Detailed Requirements and Classification of Mold Component Machining

Concept and Principle of Mold Life: Mold life refers to the number of production cycles (stamping strokes, molding cycles) a mold can achieve while ensuring the quality of the produced parts. It includes the total number of qualified parts formed after repeated sharpening and replacement of wearing parts, until the main part of the mold needs to be replaced.

Mold Service Life: The number of cycles the mold has already produced. Mold failure is divided into abnormal failure and normal failure. Abnormal failure (premature failure) means the mold becomes unworkable before reaching the generally accepted life expectancy at a certain industrial level. Forms of early failure include plastic deformation, fracture, severe localized wear, etc.
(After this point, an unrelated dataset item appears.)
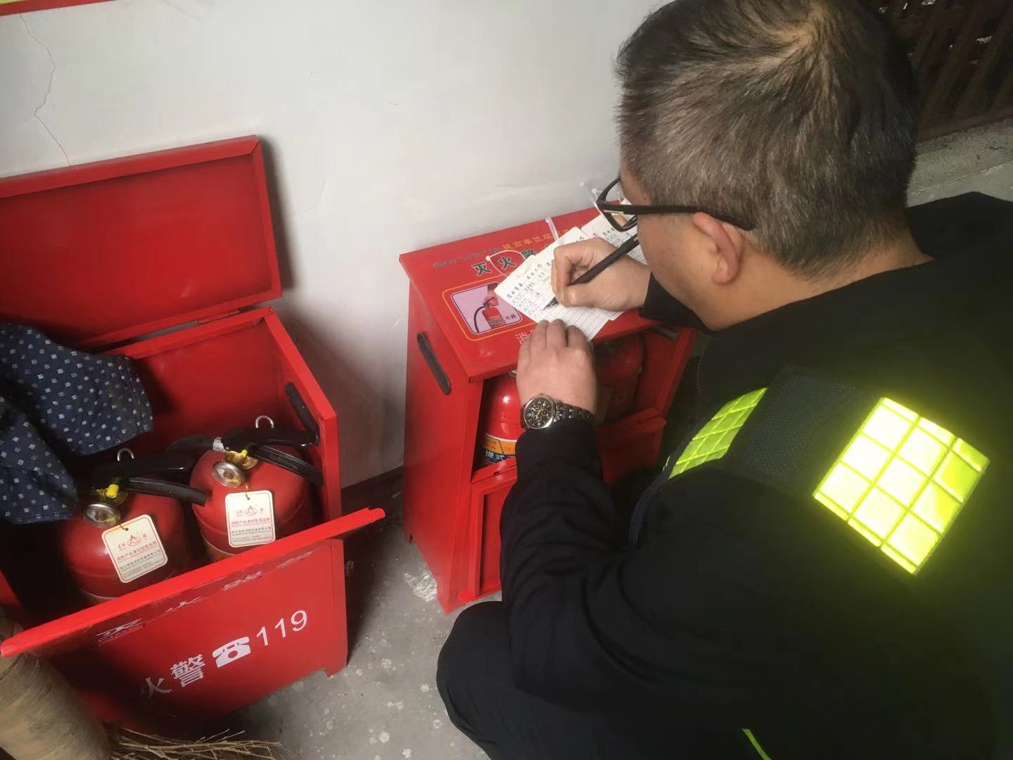 (圖為工作人員檢查滅火器)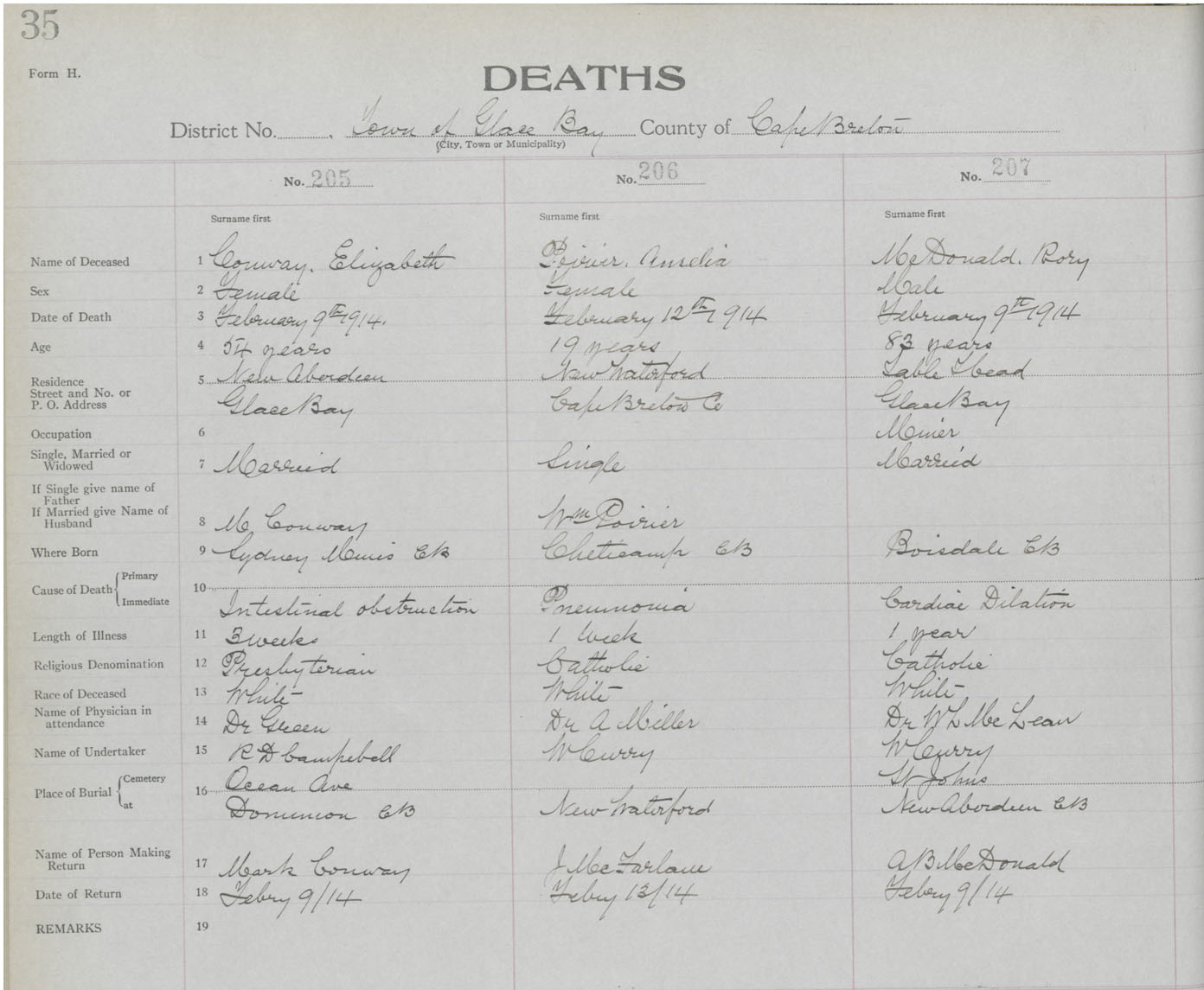 Death Registration: Year: 1914 book: 24 page: 35 number: 205

Normal failure refers to the mold being unable to continue working after mass production use due to slow plastic deformation, relatively uniform wear, or fatigue fracture.
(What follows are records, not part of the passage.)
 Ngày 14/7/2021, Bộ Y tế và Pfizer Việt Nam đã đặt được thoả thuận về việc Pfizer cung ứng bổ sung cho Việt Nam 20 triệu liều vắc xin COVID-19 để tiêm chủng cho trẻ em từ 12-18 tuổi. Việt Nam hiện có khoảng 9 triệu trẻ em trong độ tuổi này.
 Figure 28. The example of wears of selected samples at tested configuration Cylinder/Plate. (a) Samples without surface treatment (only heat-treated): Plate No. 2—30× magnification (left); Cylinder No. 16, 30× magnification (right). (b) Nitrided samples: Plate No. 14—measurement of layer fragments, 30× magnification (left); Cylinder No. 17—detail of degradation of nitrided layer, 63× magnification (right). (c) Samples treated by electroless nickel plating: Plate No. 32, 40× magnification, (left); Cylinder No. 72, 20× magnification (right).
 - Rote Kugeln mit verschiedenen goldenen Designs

Mold components refer to parts or components used to assemble a mold; they can also refer to mold parts or components that are replaced and reassembled after damage. A precision mold is usually composed of many parts, which can be divided into two categories: process parts and structural parts. Process parts directly affect the quality of the molded product. The decisive quality of process parts in current precision mold components is achieved by finishing machining methods.

The precision machining process is related to the life of the precision mold and the molded products. In the finishing stage of precision mold component machining, in addition to using process methods such as low-speed wire EDM and EDM sinking, another method employed is grinding based on heat treatment after semi-finishing. Therefore, during the grinding stage of precision mold component machining, it is necessary to control many technical parameters such as part deformation, internal stress, form tolerance, and dimensional accuracy.
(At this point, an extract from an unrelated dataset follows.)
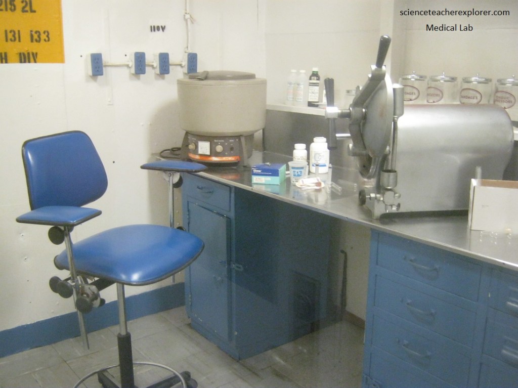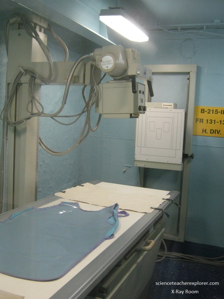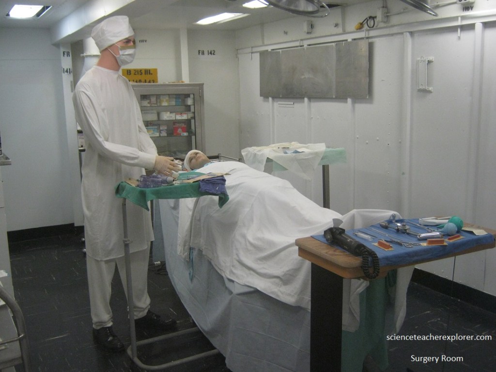 Pictured above, the photo shows the Triage or Surgery Room, in which everything from treating minor cuts to major non-invasive procedures could be performed. The room could also function as a full-scale surgical room if needed. The bulkheads (walls) and overhead (ceiling) are designed for quick and effective cleaning and sterilizing for major surgical procedures.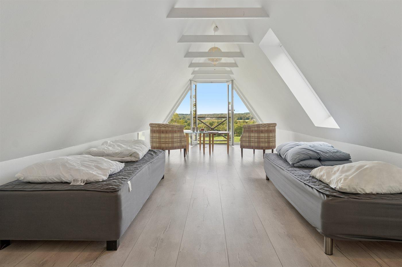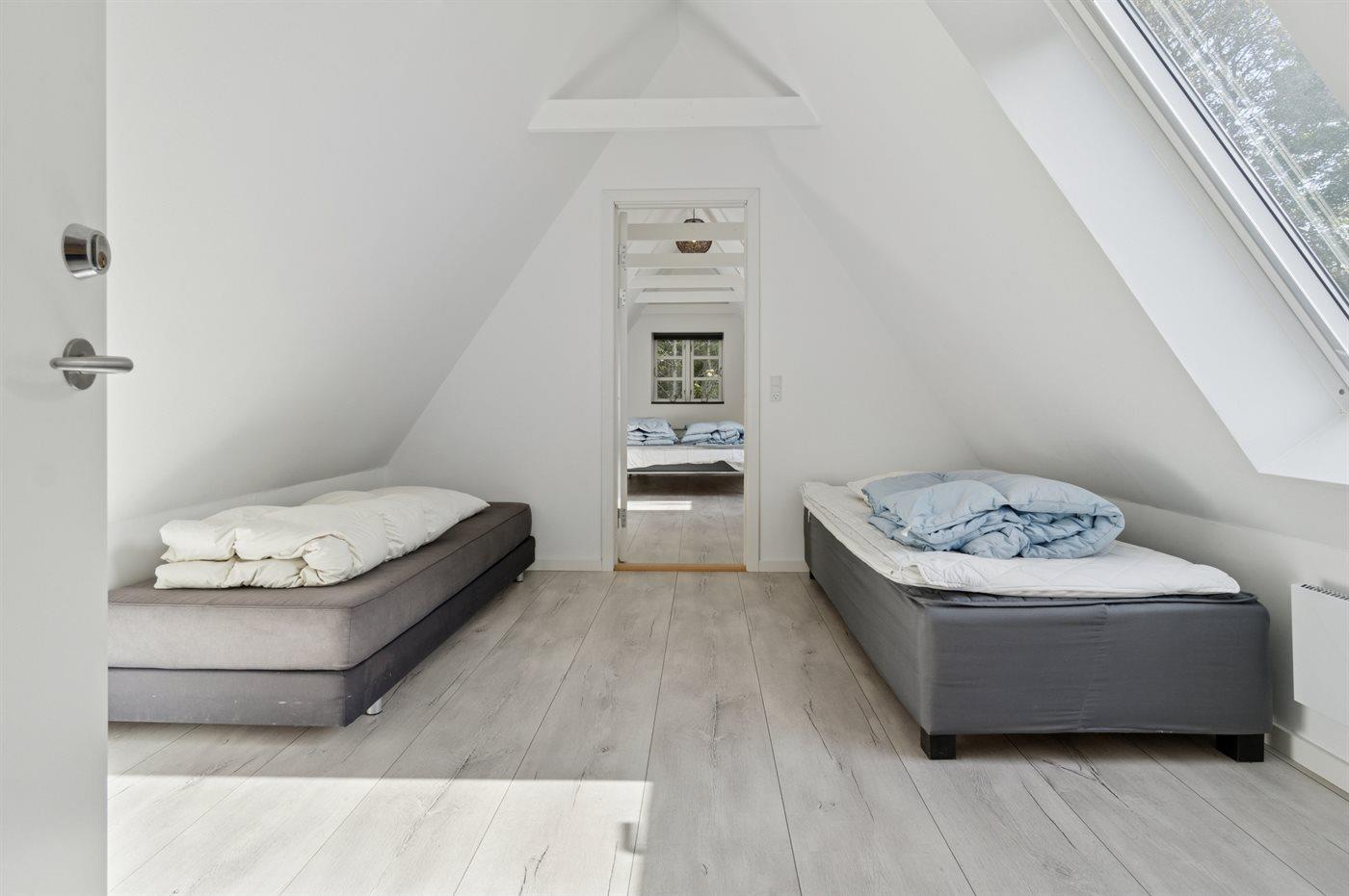 Der er i alt 4 soveværelser. Sovepladserne fordeler sig på: 6 sovepladser i dobbeltsenge. 2 sovepladser i enkeltsenge.

In specific production practice, many operational difficulties exist. However, from 15 years of accumulated precision machining experience, it is possible to summarize and analyze approaches that can be referenced: By controlling the precision machining process of mold components from the finishing stage, we can perform adaptive machining for different mold parts, different materials, different shapes, and different technical requirements, providing selective solutions.

Controlling the machining process to achieve better machining results and economic efficiency is a key concern for most precision mold component machining enterprises. The process flow for precision mold component machining is generally: rough machining - semi-finishing - (quenching, tempering) - precision grinding - EDM - benchwork finishing - assembly processing.